Mark Shermis and Ben Hamner are presenting a paper on automated essay scoring at NCME on Monday,1 and there has already been quite a bit of reporting on it, such as yesterday’s article at IHE. I link to the IHE reporting because the comment thread is interesting and includes a contribution by Les Perelman, a nonsensical bit of writing that achieved a high score in an (unnamed) automatic essay scoring algorithm.
Shermis and Hamner worked with thousands of essays from several states, with subsamples drawn to allow development of models by each of several algorithms and then the testing of those models against a second set of subsamples. For the tasks chosen–all of which were on-demand, relatively short pieces of writing on state tests–the automated essay scoring algorithms were generally about as decent in technical measures as individual human readers. Let me cut to the chase: this demonstrates the viability of automated essay scoring for commonly-used mediocre writing tests. This is a more cynical view than what the authors write on p. 27, but you may note that they are not claiming this is the next best thing since sliced bread:
As a general scoring approach, automated essay scoring appears to have developed to the point where it can be reliably applied in both low-stakes assessment (e.g., instructional evaluation of essays) and perhaps as a second scorer for high-stakes testing.
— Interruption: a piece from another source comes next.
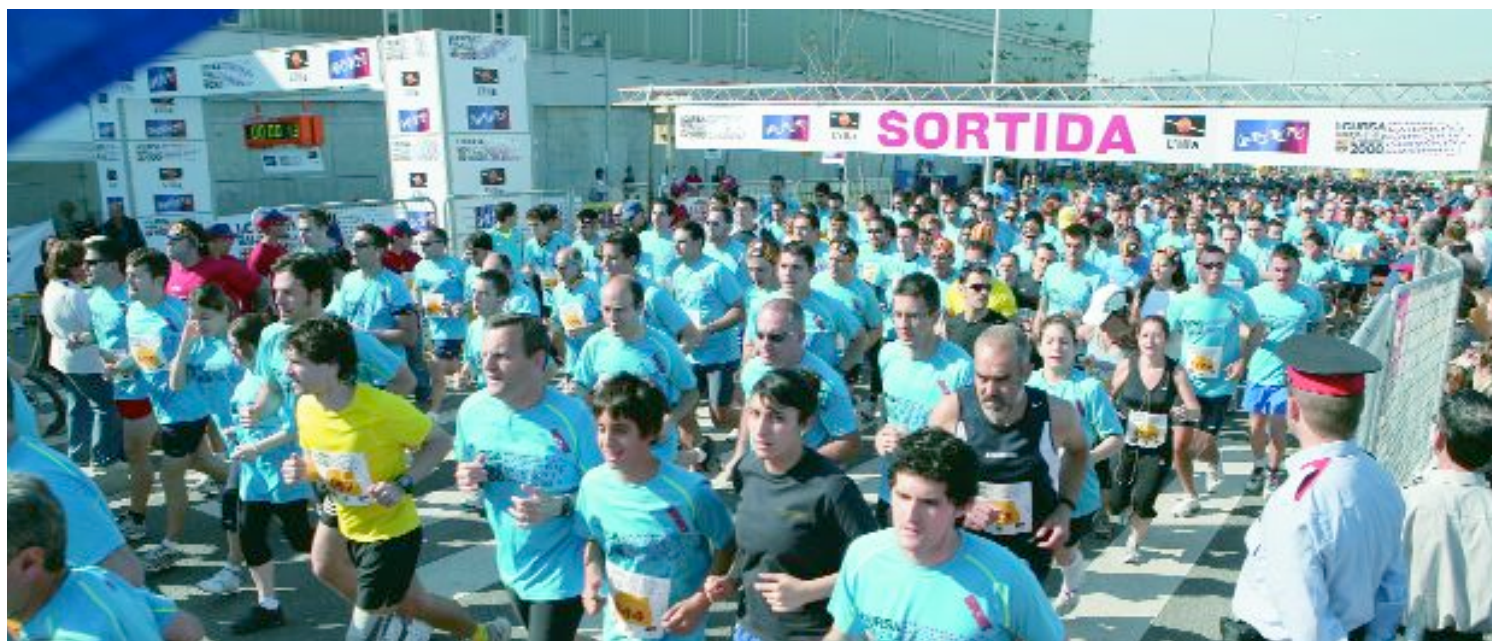
La primera edició de la cursa organitzada pel FC Barcelona pels carrers de la nostra ciutat va aconseguir la participació de 1.541 corredors

Més de 1.500 persones van participar en una cursa de 7 quilòmetres per Sant Joan Despí perfectament organitzada

Shermis and Hamner’s work appears on my first reading to be well-designed, and I think the conclusions are trustworthy as long as one understands what the computer algorithms were asked to mimic: holistic scoring of on-demand writing. In the context of state-level assessment, the scoring is often conducted by human graders brought into a large facility to give a single score to each of hundreds of short essays written by eighth graders in response to a prompt asking for a narrative, expository, or persuasive bit of text.2 Personal grading this isn’t, and as long as the goal is scoring thousands of short essays without important feedback to students, then I guess it is true that the study suggests that automated essay scoring is “fast, accurate, and cost effective,” as Tom Vander Ark was quoted in a press release emailed to me a few days ago.
I have been racking my brains trying to figure out where such automated essay scoring might be useful in any context other than large-jurisdiction summative assessments, and it is hard to picture where you could find it useful. I suppose that with some algorithms you could train the scoring program to focus on issues an individual teacher might care about (for me, issues such as coherence of passages and logical sequencing of ideas), but these programs probably would require far more samples and scores than most teachers work with. I strongly suspect that even the programs using natural language processing cannot give feedback to students at anything other than the global scale.
Fortunately, there is one use I read, in that IHE comment thread, that might make sense: David Horacek’s idea to set a particular automated scoring result as a threshold for reading work.
[H]ere’s something I could imagine saying to my students: “I will only accept/read term papers that the AES [automated essay score] grades as B or better, so start early so that you don’t miss the due date.” (They would have the AES on their own computers, so they could “grade” their drafts themselves as often as they wanted.) Of course, their actual grade would be determined by me. The automatic grader would just filter out lazy and sloppy work, leaving me to focus my evaluation on the quality of ideas.
So the purpose here is to get students to focus on writing. My guess is that in the ideal, this would push students to write papers a little earlier to give themselves time to fix problems to earn a high enough basic-writing score to be graded.
Ah, but if that is what we want–students to take some care in writing–we could set another requirement that forces students to proofread. Say, requiring that students demonstrate that they have used their word processors’ spell-check features and use “Track Changes” (or the equivalent) to show any changes in the draft before submission.
Any other ideas for how to use these automated essay scoring algorithms, other than large-scale formative assessment?
Addendum: For a sample skeptical take, see Audrey Watters. For a more hopeful take, see Justin Reich (see my concerns above about minimum n for stable estimates). For total cynicism, try Michael Winerip, mellifluously.